Reputation: 275
I could do the same thing in java or c# with ease but doing this in shell scripting involves lot of learning...so any help is appreciated
I have a huge xml node with child nodes like URL (lets say 100K nodes) and I need to split the input.xml with 10K nodes in each subfile,so I get 10 files containing 10K nodes with parent tag in tact (URLSet tab).
<urlset xmlns="http://www.sitemaps.org/schemas/sitemap/0.9">
<url>
<loc> https://www.mywebsite.com/shopping </loc>
<changefreq> Weekly </changefreq>
<priority> 0.8 </priority>
<lastmod> 2016-09-22 </lastmod>
</url>
<url>
<loc> https://www.mywebsite.com/shopping </loc>
<changefreq> Weekly </changefreq>
<priority> 0.8 </priority>
<lastmod> 2016-09-22 </lastmod>
</url>
<url>
<loc> https://www.mywebsite.com/shopping </loc>
<changefreq> Weekly </changefreq>
<priority> 0.8 </priority>
<lastmod> 2016-09-22 </lastmod>
</url>
<url>
<loc> https://www.mywebsite.com/shopping </loc>
<changefreq> Weekly </changefreq>
<priority> 0.8 </priority>
<lastmod> 2016-09-22 </lastmod>
</url>
<url>
<loc> https://www.mywebsite.com/shopping </loc>
<changefreq> Weekly </changefreq>
<priority> 0.8 </priority>
<lastmod> 2016-09-22 </lastmod>
</url>
<url>
<loc> https://www.mywebsite.com/shopping </loc>
<changefreq> Weekly </changefreq>
<priority> 0.8 </priority>
<lastmod> 2016-09-22 </lastmod>
</url>
</urlset>
Upvotes: 1
Views: 669
Reputation: 53498
Short answer is yes, this is totally doable.
XML::Twig
supports "cut" and "paste" operations, as well as incremental parsing (for lower memory footprint).

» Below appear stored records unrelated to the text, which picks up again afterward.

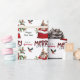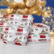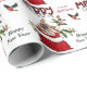 Det upprepade mönster på denna söta julomslutning papper är en bild av en liten brun Chihuahua-valp-hund som pissar ut från en röd och vit Helgdag-presentväska. Bakom honom ligger en sprit av grå och röda bär. En röd och svart bullfinkfågel kommer snart att landa. Stiliserad röd och svart buffelpläterad text säger GOD JUL och "Gott nytt år" är mörk grönt. Din egen namnteckning finns i två fält för att du ska kunna anpassa dig.
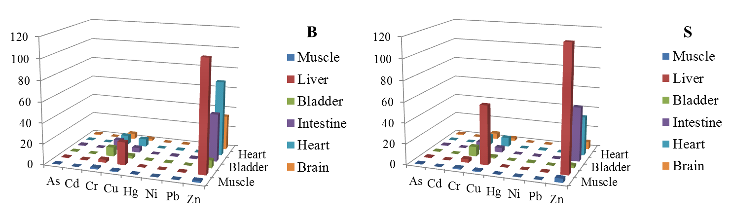 鳙鱼 (B)和鲢鱼 (S)各组织内的重金属含量 (mg·kg-1, 干重)
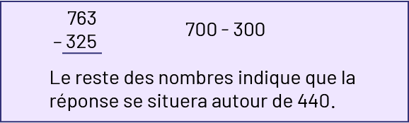 763 moins 325 égal. On soustraie les centaines, 700 moins 300. Le reste des nombres indique que la réponse se situera
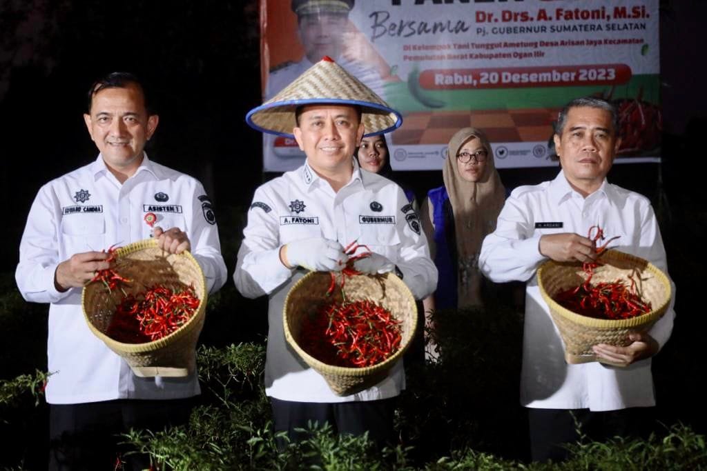 Berbagai upaya terus dilakukan Pemerintah Provinsi (Pemprov) Sumatera Selatan (Sumsel) untuk mengendalikan inflasi, salah satunya dengan melakukan panen raya. Penjabat (Pj) Gubernur Sumatera Selatan (Sumsel) Agus Fatoni bersama kelompok petani Tunggul Ametung melakukan Panen Raya Cabe Merah Keriting varietan Lado dan Akar di Desa Arisan Jaya, Pemulutan Barat I, Kabupaten Ogan Ilir, Rabu (20/12/2023).
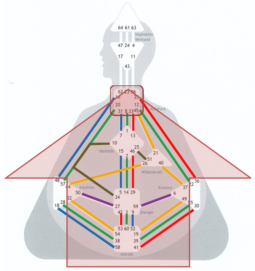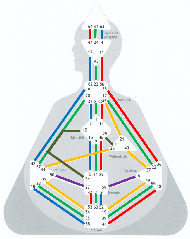 Es wird jetzt selten jemanden geben, die/der wirklich einen ganzen Schaltkreis durchgehend definiert hat – aber je mehr definierte Tore und Kanäle und Zentren auf dem Weg vom WurzelZentrum zum KehlZentrum – oder vom KopfZentrum zum KehlZentren – in einem bestimmten Schaltkreis definiert sind, desto mehr geht es bei allem, was wir tun – um die Thematiken der Überbegriffe des jeweiligen Schaltkreises.

So you'd do something like:
#!/usr/bin/env perl
use strict;
use warnings;
use XML::Twig;
#new document. Manually set xmlns - could copy this from 'original'
#instead though.
my $new_doc = XML::Twig->new;
$new_doc->set_root(
XML::Twig::Elt->new(
'urlset', { xmlns => "http://www.sitemaps.org/schemas/sitemap/0.9" }
)
);
$new_doc->set_pretty_print('indented_a');
my $elt_count = 0;
my $elts_per_doc = 2;
my $count_of_xml = 0;
#handle each 'url' element.
sub handle_url {
my ( $twig, $elt ) = @_;
#more than the count, we output this doc, close it,
#then create a new one.
if ( $elt_count >= $elts_per_doc ) {
$elt_count = 0;
open( my $output, '>', "new_xml_" . $count_of_xml++ . ".xml" )
or warn $!;
print {$output} $new_doc->sprint;
close($output);
$new_doc = XML::Twig->new();
$new_doc->set_root(
XML::Twig::Elt->new(
'urlset',
{ xmlns => "http://www.sitemaps.org/schemas/sitemap/0.9" }
)
);
$new_doc->set_pretty_print('indented_a');
}
#cut this element, paste it into new doc.
#note - this doesn't alter the original on disk - only the 'in memory'
#copy.
$elt->cut;
$elt->paste( $new_doc->root );
$elt_count++;
#purge clears any _closed_ tags from memory, so it preserves
#structure.
$twig->purge;
}
#set a handler, start the parse.
my $twig = XML::Twig->new( twig_handlers => { 'url' => \&handle_url } ) ->parsefile ( 'your_file.xml' );
Upvotes: 2